News / South Africa

Adriaan Roets
3 minute read
3 Feb 2018
6:12 am

Call the specialist

Adriaan Roets

Art curators often juggle numerous roles.

They are publicists for artists – but also the ones selecting the best work to ensure artists’ work at any given exhibition or public showcase, or even auction, gain reverence. And they ensure that artists’ names and work are captured in books or literature.

At the same time they often need to get feet through gallery doors.

This role becomes even more strenuous when entering the secondary art market, where authorities like art specialists need to preserve artists’ legacies, but also valuate pieces.

It’s easy to say that the art should speak for itself, but often buyers need advice when it comes to purchasing new pieces, meaning specialists need to become walking encyclopedias of the South African art landscape.

On top of newcomers entering the market, many South African artists’ works have become especially important posthumously – and that is when art specialists really step in to show the influence of those artists and explain their lasting impact.

Wilhelm van Rensburg, an art specialist at Strauss and Co, this week presented a dialogue tracing Peter Clarke’s work. Strauss and Co’s current online auction (ending on Monday) features a range of Clarke’s work.

It highlights again how art needs its specialists and its creators for a robust community.

Van Rensburg trained many artists at the University of Johannesburg and he is a freelance curator and the force behind retrospective exhibitions for Standard Bank Gallery of the work of Irma Stern, Judith Mason and JH Pierneef.

Later this year he’s curating an exhibition of the work of Christo Coetzee. His knowledge of local artists means that the work of Clarke gathers appreciation.

But why was Clarke such a fascinating South African artist?

“He represents that generation of artists in the mid-twentieth century who didn’t study in London or Paris. As a result, Clarke had to educate himself.

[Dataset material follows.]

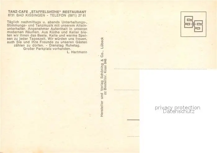 Bad_Kissingen Tanzcafe Restaurant Staffelshoehe Bad_Kissingen postalisch nicht gelaufen nach 1965 Erhaltung siehe scans [FriedD77] Frierer

He was the archetypal autodidact.

His high school art teacher kept a pile of Studio International magazines in his class, and paging through these Clarke got to know the paintings of the German Expressionists, 18th century Japanese woodblock art and the graphic work of the Mexican Revolutionary artists such as Diego Rivera, Alfredo Orozco and Jose Sequiera.

All these influenced his work, especially the linocut in a profound way. In the late ’40s, Clarke joined the District Six Art Group and his principle teacher was world famous John Coplans, who introduced his students to figure studies and drawing from live models.

This accounts for Clarke’s lifelong interest in the human figure.

The early ’60s saw him studying lithography under Katerine Harries. In the ’70s Clarke turned to what is known as protest art – after his family was evicted from Simonstown to Ocean View in 1972.

One of his most famous artworks from this period hangs in the Constitutional Court.

Examples of Clarke’s linocuts and lithographs are under the hammer, along with sketches he made while on holiday in Teslaarsdal, just outside Caledon – work Van Rensburg deems exciting.

These sort of auction events play an important role in continuing to develop art appreciation in South Africa.

“I feel that the secondary market has a very strong obligation to educate the public with regard to the aesthetic value of an artwork as well as the investment potential a work might carry. That is why art history is so important, because one can gauge the context in which an artwork was produced and in that manner develop a deeper understanding of art,” Van Rensburg says.